ARTISANAL AND SMALL−SCALE MINING IN WASSA AMENFI EAST DISTRICT, A RESEARCH PROJECT TOPIC ON PUBLIC ADMINISTRATION
Artisanal and small-scale mining in Ghana has been in existence as far back as pre-colonial era. The industry which is mostly controlled by Ghanaians is highly unregulated pre 1987 (Hilson, 2001). However, because of dwindling state of the economy, the government under the auspices of the German NGO; Deutsche Gesellschaft für Technische Zusammenarbeit (GTZ) and the World Bank, decided to legalize small-scale mining as part of Economic Recovery Policies (ERP), allowing individuals to mine minerals in both mechanized and un-mechanized manner. Several laws were enacted to strengthen this policy. Despite the laws, illegal mining has been going on unabated in the country causing several environmental destructions.
This study was carried out using Wassa Amenfi East district as a case study to determine (1) the impact(s) of legalizing small-scale mining in the country using the three principles (pillars) of sustainable development (economy, social and environmental) as indicators. (2) The perception and preference of the local population between exploitation of minerals for economic growth and conservation of natural environment.
It was discovered that small scale mining has had an insignificant impact on the district/individuals economy while the district have suffered various degrees of environmental degradation, water pollution, deforestation, heavy metal contamination, loss of farm land, etc.

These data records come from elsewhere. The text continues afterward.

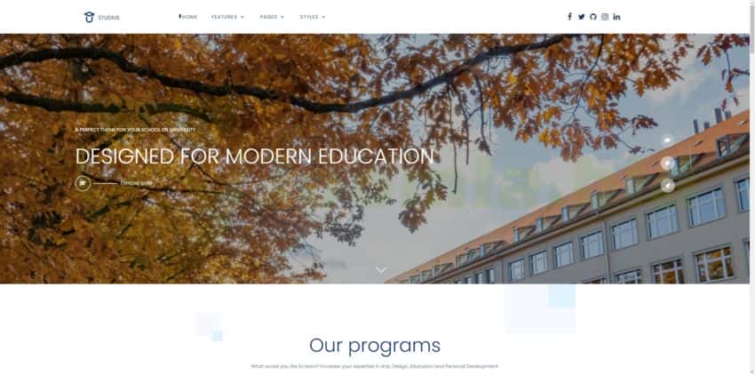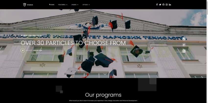 Studius provides complete solution to build education websites. Exceptional background elements, exclusive new particles, and a content friendly layout bring new life to your university, school, but also can be used ini multipurpose projects.. Simple, but strong design for the next generation.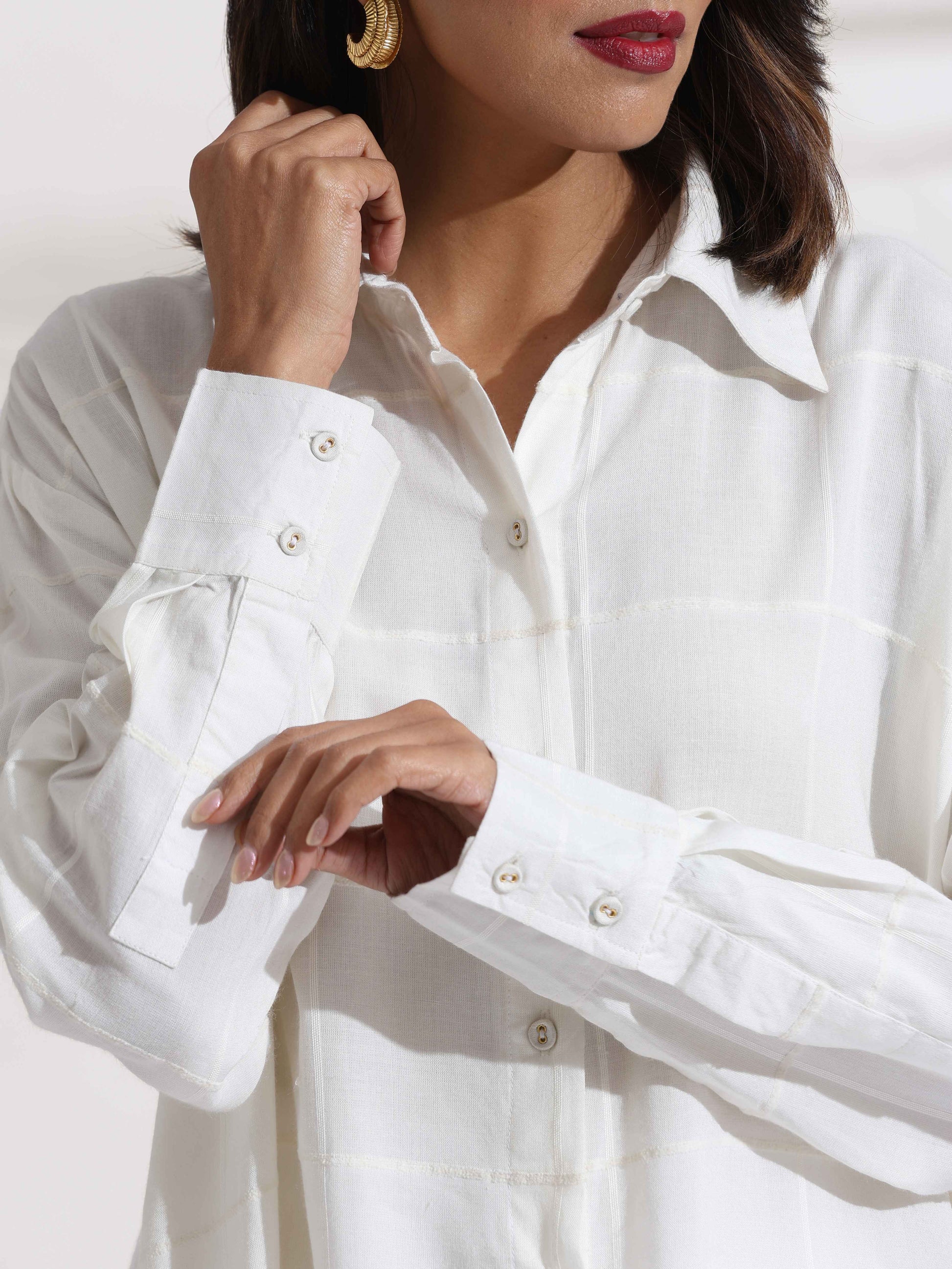 trueBrowns White Cotton Check Shirt Co-ord Set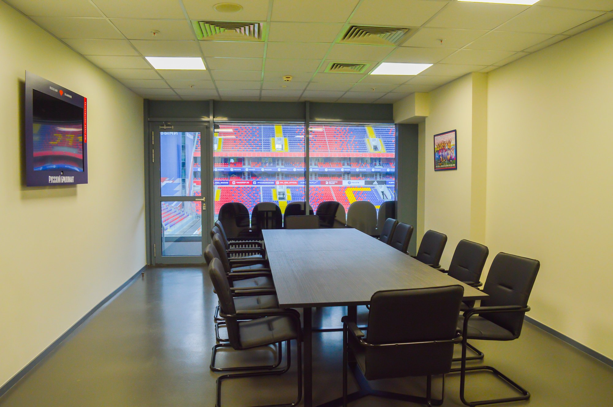Возвращаемся внутрь стадиона. Заглядываем в комнату для работы журналистов и зал пресс-конференций.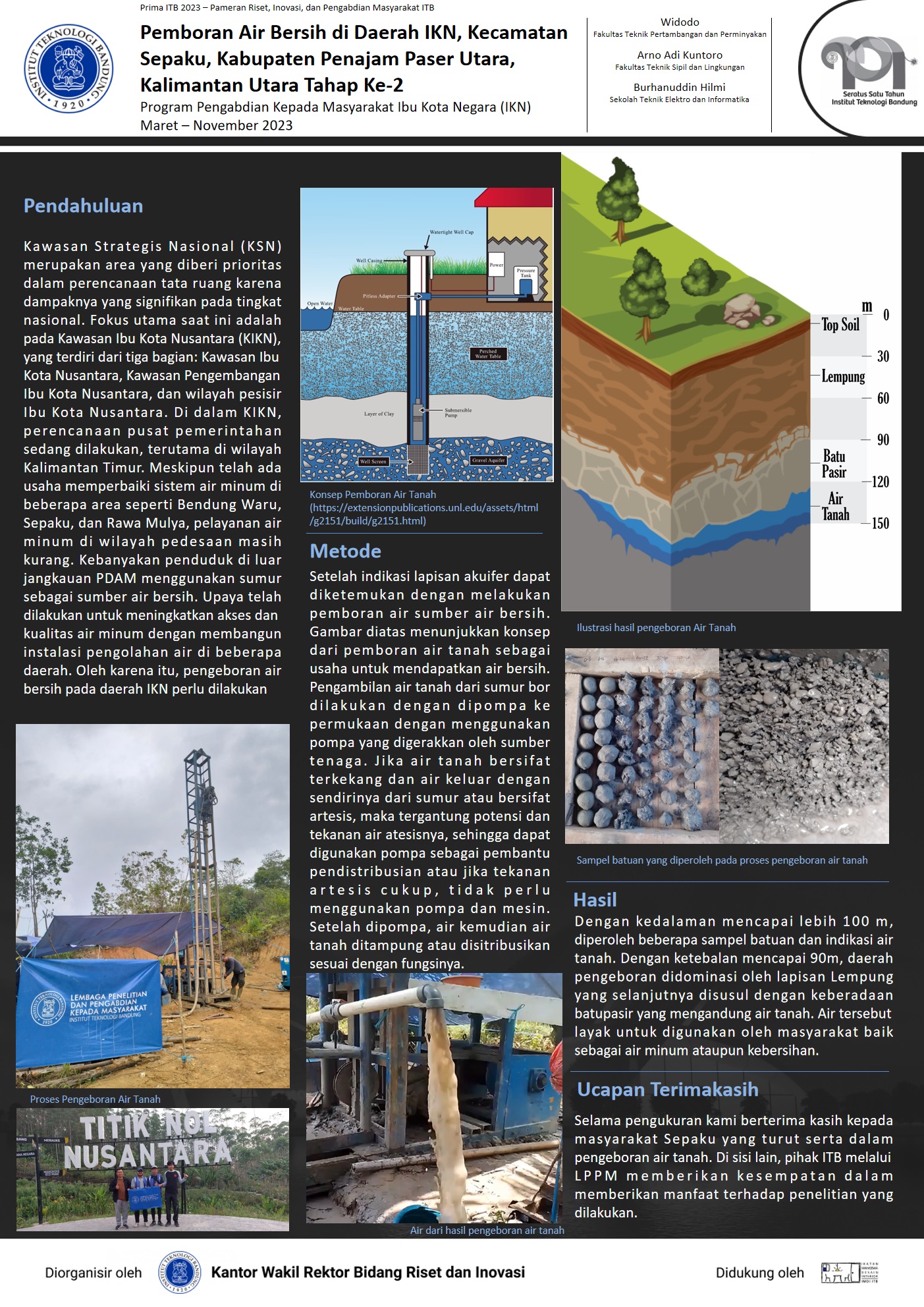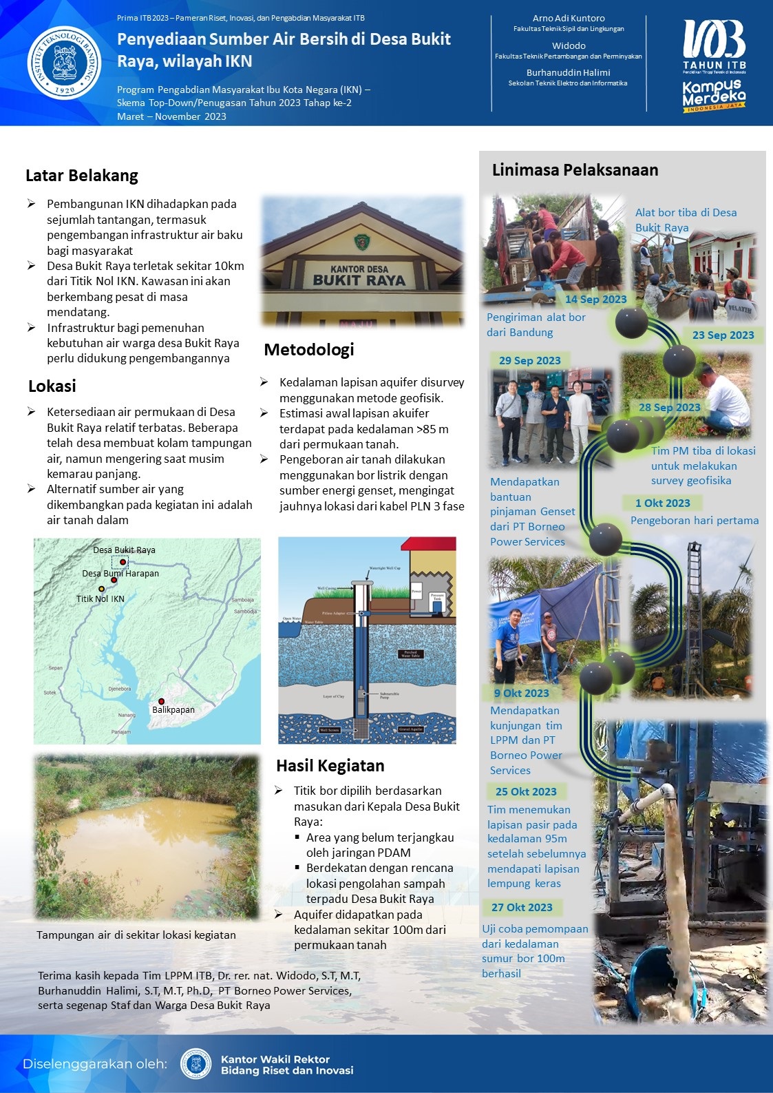 Tim ITB melalui LPPM saat ini tengah menjalankan 14 program pengabdian masyarakat di IKN dengan tiga sasaran utama, yaitu ketahanan pangan melalui pengolahan sumber daya hayati, energi melalui teknologi pengolahan air bersih, dan pengembangan pariwisata lahan bekas tambang

Ghana is richly endowed with mineral resources such as gold, diamonds, manganese, bauxite, clays, kaolin, mica, columbite-tantalite, feldspar, chrome, silica sand, quartz, salt etc, (Draft National Mining Policy of Ghana, 2010). Artisanal and small-scale mining in Ghana has been in existence as far back as pre-colonial era (Hilson, 2001). Citizens from different communities (including Wassa Amenfi East) engaged in this activity as a means of supporting themselves as well as to make provisions for their family needs (Awumbila & Tsikata, 2007). However, artisanal and small-scale mining which is locally called “galamsey” were said to be illegal in the country, and those who engage in it do it secretly or out of desperation for survival.
But recently (1987), Ghana government under the auspices of the German NGO Deutsche Gesellschaft für Technische Zusammenarbeit (GTZ) and the World Bank, decided to legalize small-scale mining as part of Economic Recovery Policies (ERP), allowing individuals to mine minerals in both mechanized and un-mechanized manner, (Draft National Mining Policy of Ghana, 2010).